◆ Exercise input

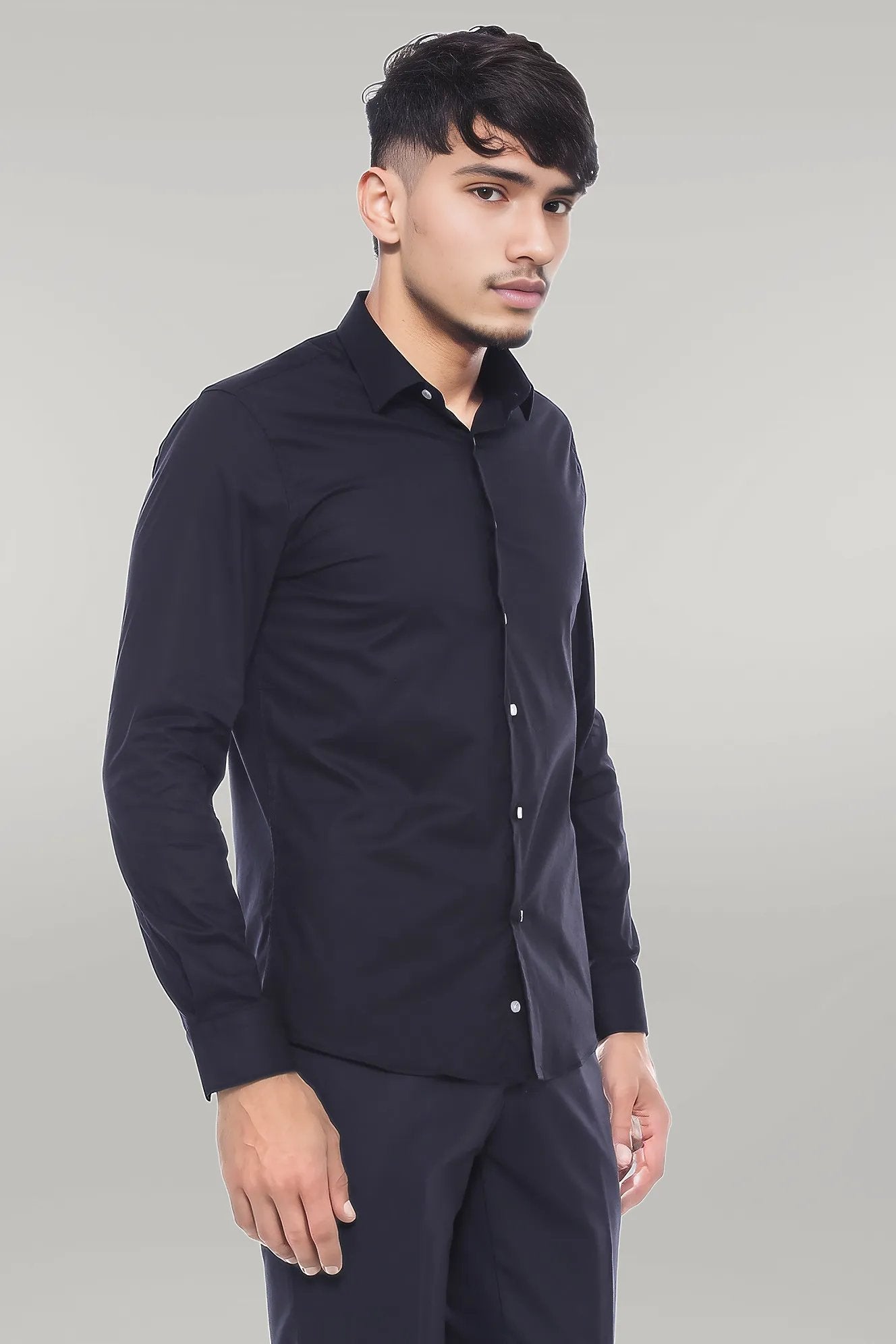 Plain Long Sleeves Regular Fit Black...
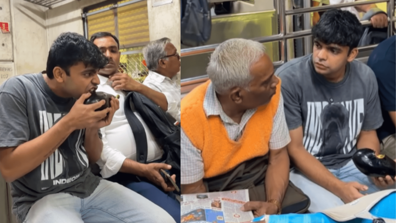ಖ್ಯಾತ ಸೋಶಿಯಲ್ ಮೀಡಿಯಾ ವ್ಲಾಗರ್ ಪ್ರಣಯ್ ಜೋಶಿ ಎಂಬುವವರು ಈ ರೀತಿಯ ವಿಡಿಯೋ ಮಾಡಿದ್ದಾರೆ. ಮುಂಬೈ ಲೋಕಲ್ ರೈಲುಗಳಲ್ಲಿ ಇಂತಹ ವಿಭಿನ್ನ ಮತ್ತು ವಿಚಿತ್ರ ಪ್ರಯೋಗಗಳನ್ನು ಮಾಡುವ ಮೂಲಕವೇ ಇವರು ಅಪಾರ ಫಾಲೋವರ್ಸ್ ಗಳಿಸಿದ್ದಾರೆ. ಈ ಬಾರಿ ‘ವಿಭಿನ್ನ ಕಾಂಬಿನೇಶನ್ ಆಹಾರ’. ಇದು ಕೇವಲ ಮನೋರಂಜನೆಯ ಉದ್ದೇಶಕ್ಕಾಗಿ ಮಾಡಿದ ವಿಡಿಯೋ ಆಗಿದ್ದರೂ, ರೈಲಿನಲ್ಲಿದ್ದ ಸಹ ಪ್ರಯಾಣಿಕರ ಮುಖದ ಹಾವಭಾವಗಳು (Expressions) ವಿಡಿಯೋವನ್ನು ಮತ್ತಷ್ಟು ಫನ್ನಿಯಾಗಿಸಿವೆ.
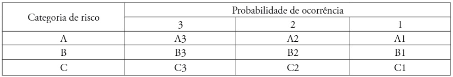 Enquanto isso, Oliveira (1999) estabelece uma matriz de critério para priorização das ações que utiliza como referência a severidade do risco e a probabilidade de ocorrência (Quadro 3).
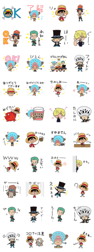 ONE PIECEの毎日使える便利なスタンプです。ルフィ、チョッパー、ロー、ゾロ、サンジ、サボ、エース等が日常会話をゆるーく盛り上げます。期間限定発売となります。
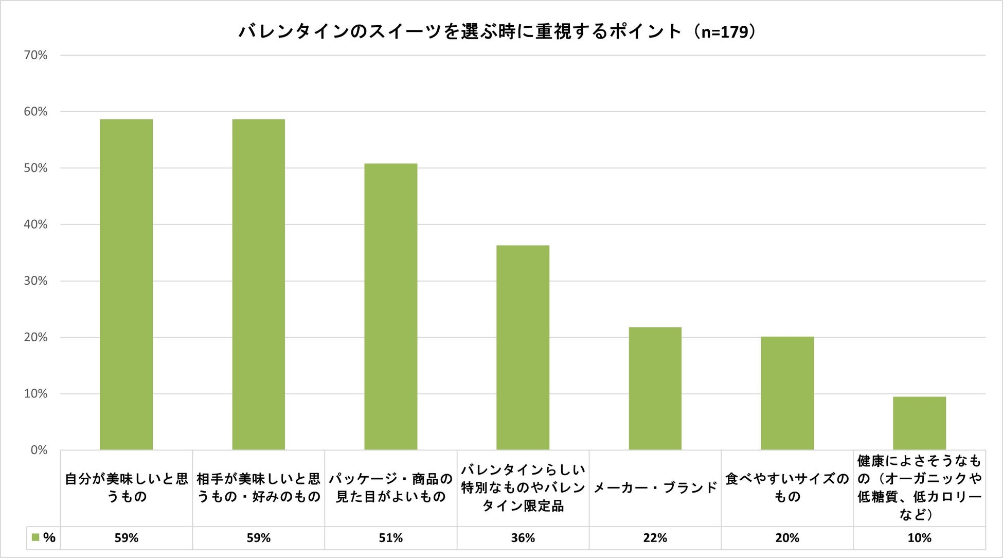 バレンタインのスイーツ選びにおいて、自分や相手の好みのものが最多になりました。また、パッケージなどの見た目や限定品も上位になっていることから、味だけではなく特別感もポイントになっています。
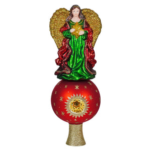 So as you place her on high, let this Glass Finial Angel Treetop With Reflector be a reminder of the serenity and joy of the season. Let her be the final flourish on your tree, a crowning glory that watches over your festivities with a grace and beauty that's as boundless as the night sky.
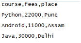 p_details =[('course','fees','place'),('Python',22000,'Pune'),('Android',11000,'Assam'),('Java',30000,'Delhi')]
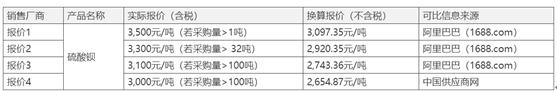 经查询公开市场资料,硫酸钡的市场价格如下:
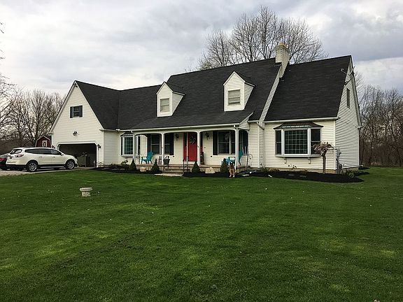 Dream home nestled 200+ off the road and over 2.5 acres! Country atmosphere minutes from I-90/254/conveniences! Classic cape cod appeal with a beautiful front porch! This home boasts over 2,600 sq. ft and a TWO master suites (one on the first floor and one upstairs). Large living room with a brick fireplace. First floor laundry room with great storage. Kitchen is very spacious with a center cooktop island, lots of counter space, stainless steel appliances! The sunroom is used as a morning/room dining room with lots of windows overlooking the gorgeous backyard! There is a first floor bonus space with an attached full bath and another area for a dining or office! Upstairs you'll find a second master suite and two bedrooms with a jack and jill bath. There are two huge walk in storage attic spaces and a basement! New central air 8/2019! Absolutely gorgeous backyard setting complete with deck, shed & fire pit! 2 car garage! A dream home!
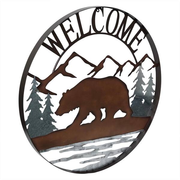 Brown Metal Mountain Bear Scenery Welcome Silhouette Decor
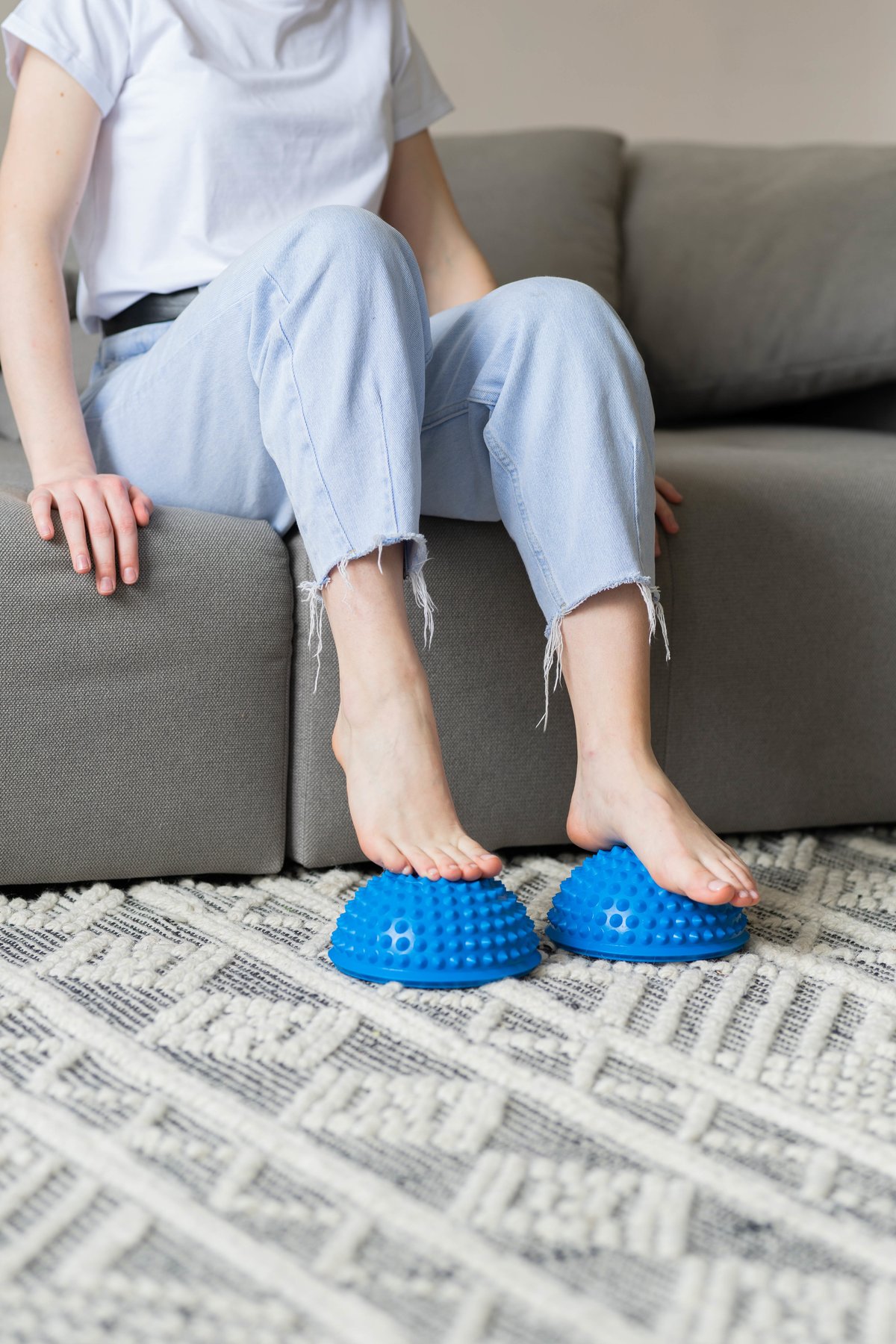 Массажер-полусфера игольчатая широко используется для массажа и рефлексогенного воздействия на подошвенную поверхность стоп. Шипы стимулируют нервные окончания и расслабляют. Также эффективна она для тренировки вестибулярного аппарата на равновесие и координацию движений. Их используют не только для активно-пассивного массажа стоп, но и для разработки голеностопного сустава.
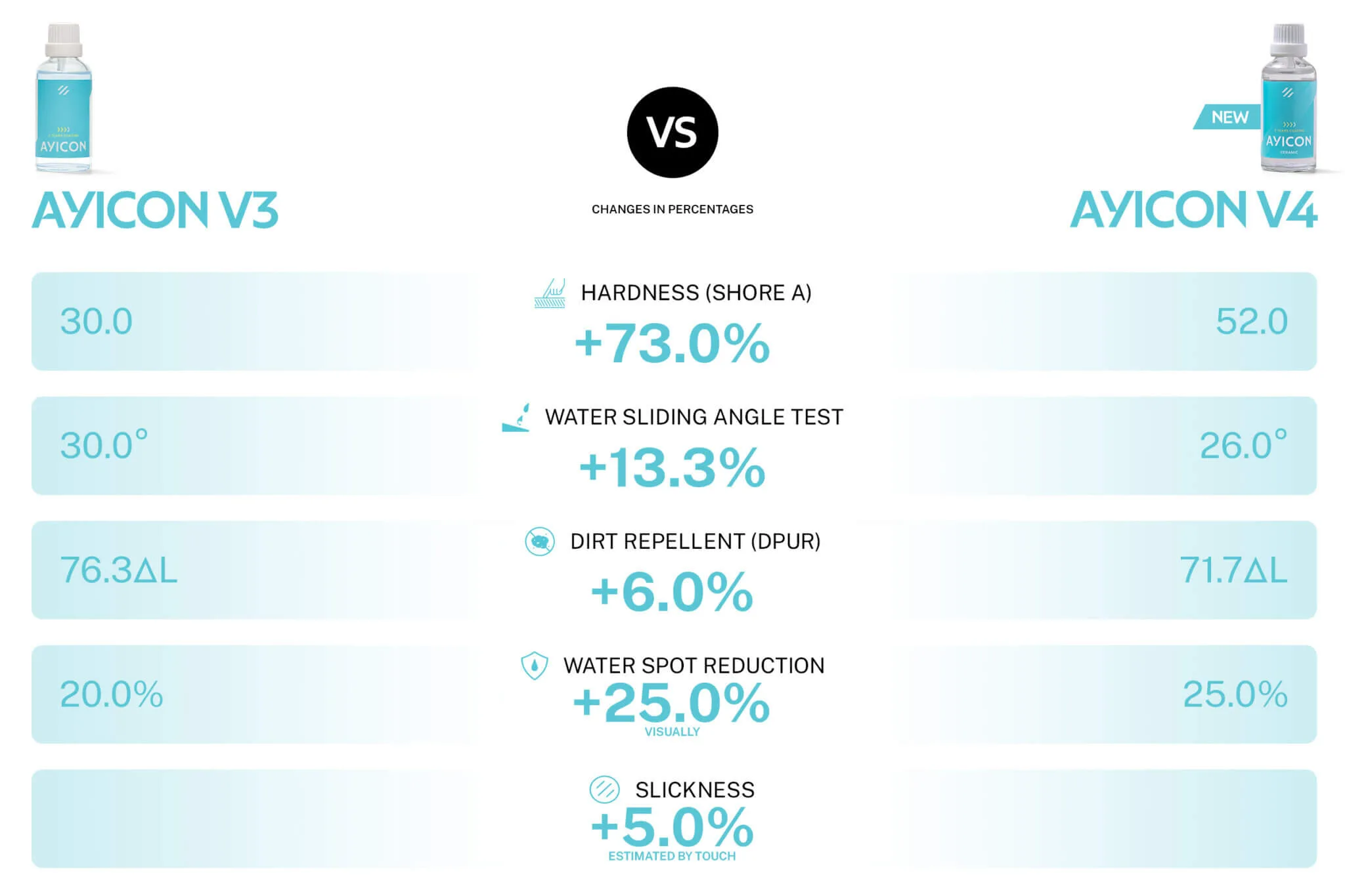 Introducing Ayicon V4: Our 2024 upgrade to the V3 formula offers a host of enhancements, including a 73% increase in coating hardness and a 13.3% improvement in the water sliding angle. These advancements result in a more durable coating with superior self-cleaning properties, allowing water beads to sheet off more quickly.
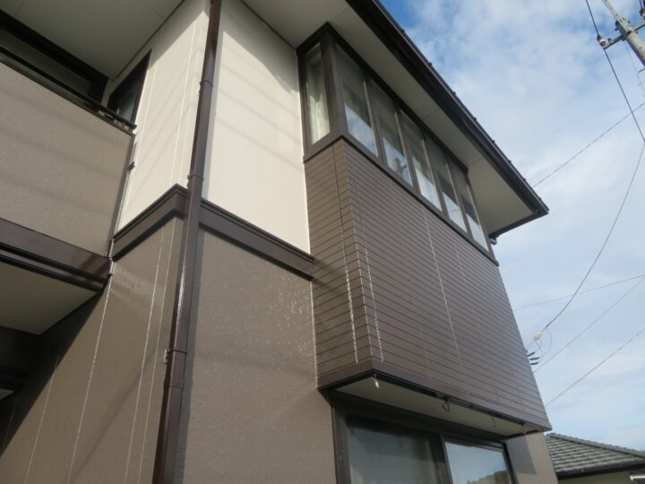 外壁材は積水ハウス専用のSパネル吹付材ですので、熱膨張するリスクが高いので使用する塗料をしっかりと選定する必要がございます。 -
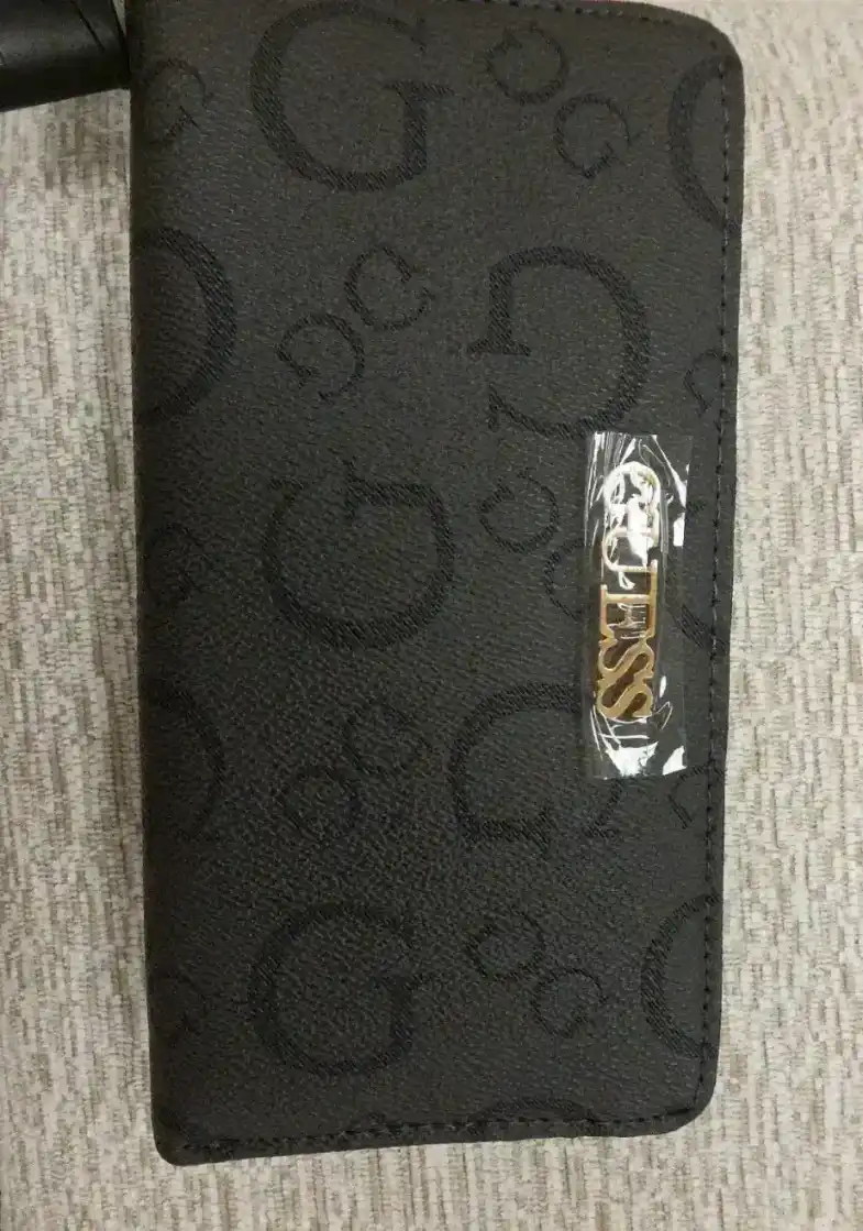 A stylish wallet featuring a GG monogram pattern with a gold-tone logo.
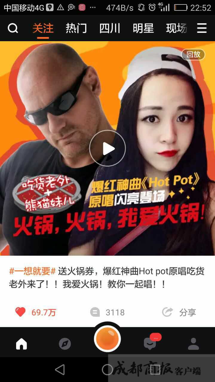 这名火锅老外据了解是一位来自美国的歌手,目前是成都市盛创文化传播有限公司的签约歌手。他在全世界很多国家进行过演出。在过去的十年里一直作为国际摇滚乐队Red Water的主唱。有歌手的经历,这也是《Hot Pot》大火的原因之一吧。Ramon可以用三种语言唱歌,分别是中文,西班牙语和英语。他的表演让人很兴奋,很有活力,互动力也很强,就像他创作的《火锅》一样,很能让观众产生共鸣。要小梓说,Ramon就跟个活招牌一样,不论出现在哪个火锅店,生意应该就像他歌词里唱到了“沸腾的”。因为这个吃货老外不去不好吃的火锅店!

◆ Work order
An exact copy of the lines from the one with "A stylish wallet" through the end of the records: produce that and nothing more, leaving out the pictures.

◆ Written solution
 A stylish wallet featuring a GG monogram pattern with a gold-tone logo.
 这名火锅老外据了解是一位来自美国的歌手,目前是成都市盛创文化传播有限公司的签约歌手。他在全世界很多国家进行过演出。在过去的十年里一直作为国际摇滚乐队Red Water的主唱。有歌手的经历,这也是《Hot Pot》大火的原因之一吧。Ramon可以用三种语言唱歌,分别是中文,西班牙语和英语。他的表演让人很兴奋,很有活力,互动力也很强,就像他创作的《火锅》一样,很能让观众产生共鸣。要小梓说,Ramon就跟个活招牌一样,不论出现在哪个火锅店,生意应该就像他歌词里唱到了“沸腾的”。因为这个吃货老外不去不好吃的火锅店!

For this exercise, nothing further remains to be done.